Он стал одним из лучших курсантов. Он летал, с упоением познавая высокую науку летать. И сел за штурвал стремительного могучего ракетоносца. Вся жизнь перед ним была такой, какой он видел взлетную полосу - прямая и честно-чистая стрела, влекущая вперед и вверх, на линию взлета - вверх! До того самого дня... Того дня, когда все встало на излом. Возник вопрос: как быть? Летчики в вопросах профессиональной чести народ жесткий, даже жестокий. Здесь иначе нельзя.

И если бы не он, командир... И если бы не другие - настоящие, истинные люди и сотоварищи... И Савченко негромко медленно сказал:

- Вот и я - с детства... До того самого дня.

Кучеров, до того настороженно поглядывавший на него, словно вслушивавшийся в воспоминания своего помощника, отвернулся и неспешно сказал:

- Понятно. Но я тебя не о том, парень, спрашивал. То - забудь. Я знаю про себя, что я - хороший пилот. И поверь, дружище, мне нужен именно такой правак. Понял?

Савченко молчал.

- А ту историю помни, как случай из учебника. И не более. Гипотетический случай.

- Угу...

- Не более! Давай шоколадку грызнем. Люблю шоколад. Хорошо все-таки быть летчиком - шоколад вот бесплатный. Будешь? На вот, ломай.

Они потрещали станиолью обертки. Кучеров откусил большой кусок и сказал, с хрустом жуя:

- Ты через полгода после училища женился? Рано, конечно. Но и я, похоже, спекся как холостяк. Начинаем завтра, дружок, новую жизнь! А ты у нас человек опытный, папашей вот скоро будешь, так что советоваться теперь с тобой буду, а? Чего смущаешься? Эх, Колька, радоваться надо!.. Серега! - заорал он вдруг в форточку так, что Николай чуть не подавился. - Сергей!

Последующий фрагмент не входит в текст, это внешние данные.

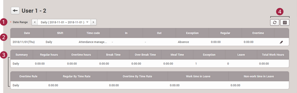 Daily attendance record: Shows the daily attendance record.

Ты где там? Принеси бутылочку холодненькой!

- Минеральной? Или пепси? - донеслось снаружи снизу.

- Минералочки!

- А где она, командир?

- Где всегда! Давай волоки! - Он поглядел на Николая и сообщил: - Шоколад люблю, но у меня от него всегда в горле першит. - Он помолчал и неожиданно тихо сказал, как себе: - А спросил я вот почему. Ты знаешь, иногда у меня появляется такое чувство... Ощущение усталости, что ли? Изо дня в день - месяцы, годы - я здесь, в кабине. Выходит, устал? Да нет, не то. Тут вся жизнь... Иногда я просто пугаюсь: а вдруг ошибка? Вдруг я мог что-то лучше на другом пути? Но ведь на любом пути человек делает всю жизнь только то дело, которое выбрал. Если, конечно, дело стоящее и человек стоящий.

Савченко, прикусив губу, внимательнейше смотрел командиру в глаза.

- И вот, когда я вдруг просыпаюсь под утро и думаю, что мог бы написать рассказ об этом, и вспоминаю, как любил море, я думаю: не ошибся ли? Но когда представлю, что этого... - он постучал ладонью по РУДам , пока еще мертво торчащим из секторов, - что этого не будет, - мне жутко становится. И тогда еще хуже - потому что рано или поздно придется уходить. А как тогда жить - когда уйдешь?

- Отрава, - почти прошептал Савченко.

- Что? Отрава? - Кучеров подумал. - Да. Правильно. Отрава наше дело. Кто попробовал - пропал...

А уже через минуту Кучеров с наслаждением, обжигаясь колючими пузырьками-иголками газа, глотал прохладную шипящую воду и слышал в ней празднично-счастливый, победный гул, потому, что праздник наконец пришел к нему - придет завтра; праздник этот весь вечер жил в нем, глубоко спрятанный ото всех; а что предстоит завтра!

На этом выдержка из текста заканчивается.